English engineer (1796-1846)

Edwin Beard Budding (25 August 1796 – 25 September 1846), an engineer born in Eastington, Stroud, Gloucestershire, was the English inventor of the lawnmower (1830) and adjustable spanner (1842).

==Lawnmower==
Budding had the idea of the lawnmower after seeing a machine in a local cloth mill that used a cutting cylinder (or bladed reel) mounted on a bench to trim the irregular nap from the surface of woolen cloth and give a smooth finish.
Budding realized that a similar device could be used to cut grass if the mechanism was mounted in a wheeled frame to make the blades rotate close to the lawn's surface. His mower was designed primarily to cut the lawn on sports grounds and extensive gardens, as a superior alternative to the scythe, and was granted a British patent on 31 August 1830. It took ten more years and further innovations to create a machine that could be worked by animals, and sixty years before a steam-powered lawn mower was built.

The first machine produced was 19 inches in width with a frame made of wrought iron.

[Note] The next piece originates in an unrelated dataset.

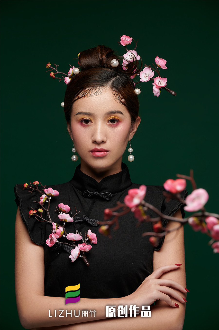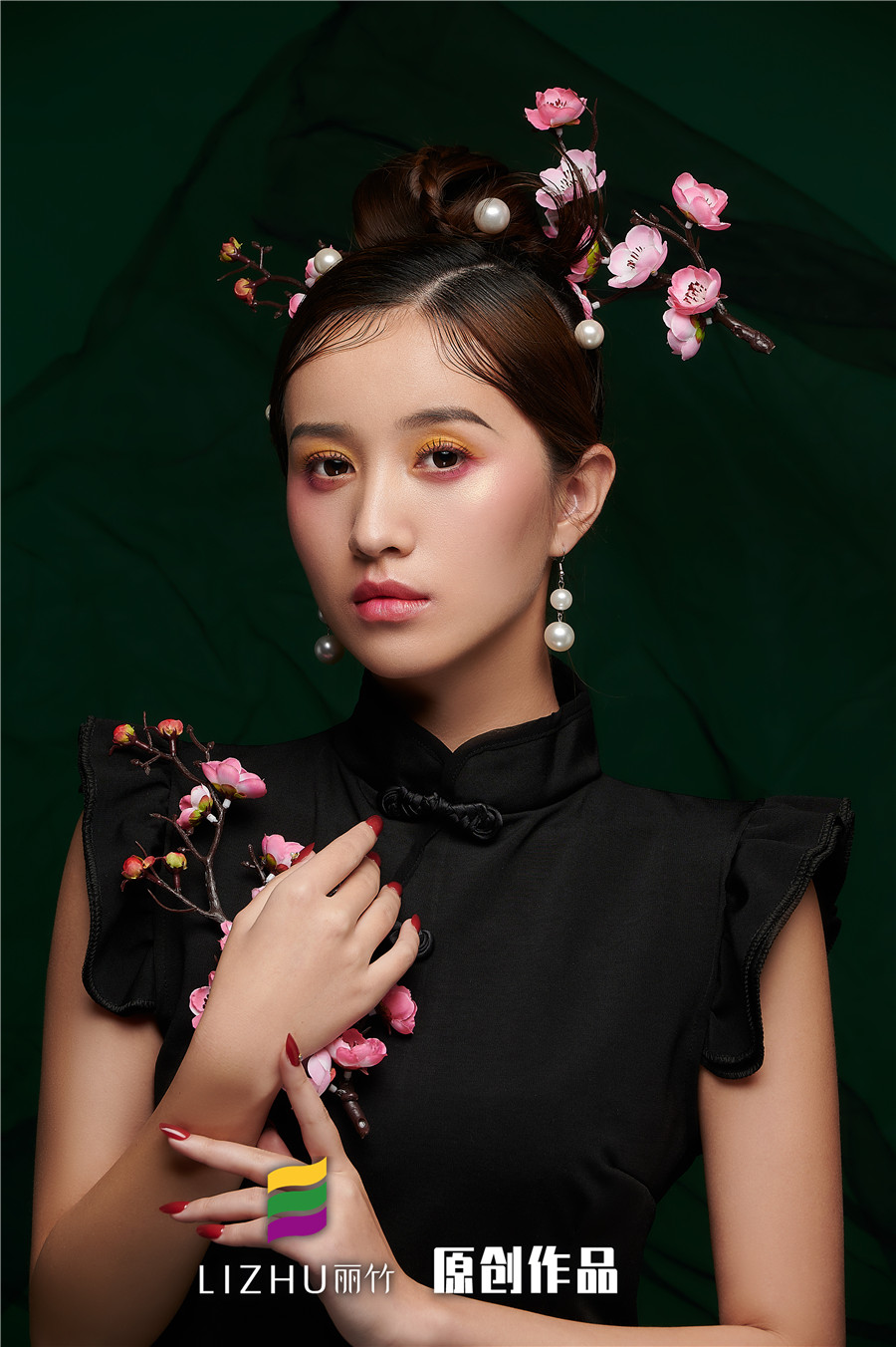 南寧化妝培訓(xùn):又颯又酷的造型,發(fā)絲間別一抹花香,添加眉眼里的柔美感覺,即使身穿高冷的黑旗袍,也讓人心生愛戀,難以忘懷。

The mower was pushed from behind with motive power coming from the rear land roller which drove gears to transfer the drive to the knives on the cutting cylinder; the ratio was 16:1. There was another roller placed in between the cutting cylinder and the land roller which was adjustable to alter the height of cut. On cutting, the grass clippings were hurled forward into a tray-like box. It was soon realized, however, that an extra handle was needed in front of the machine which could be used to help pull it along. Two of the earliest Budding machines sold went to Regent's Park Zoological Gardens in London and the Oxford Colleges.

In an agreement between John Ferrabee and Edwin Budding, dated 18 May 1830, Ferrabee paid the costs of development, obtained letters of patent and acquired rights to manufacture, sell and license other manufacturers in the production of lawn mowers. Together they made mowers in a factory at Thrupp near Stroud.

Examples of the early Budding type mowers can be seen in Stroud Museum, the London Science Museum and at Milton Keynes Museum.

==Adjustable spanner==

Budding is also credited with the invention of the screw adjustable spanner (adjustable crescent wrench) in 1842.

==Firearms==
Budding's engineering and manufacturing skills also extended to the production of a five-shot percussion revolver having brass manually-rotated barrels in about 1830.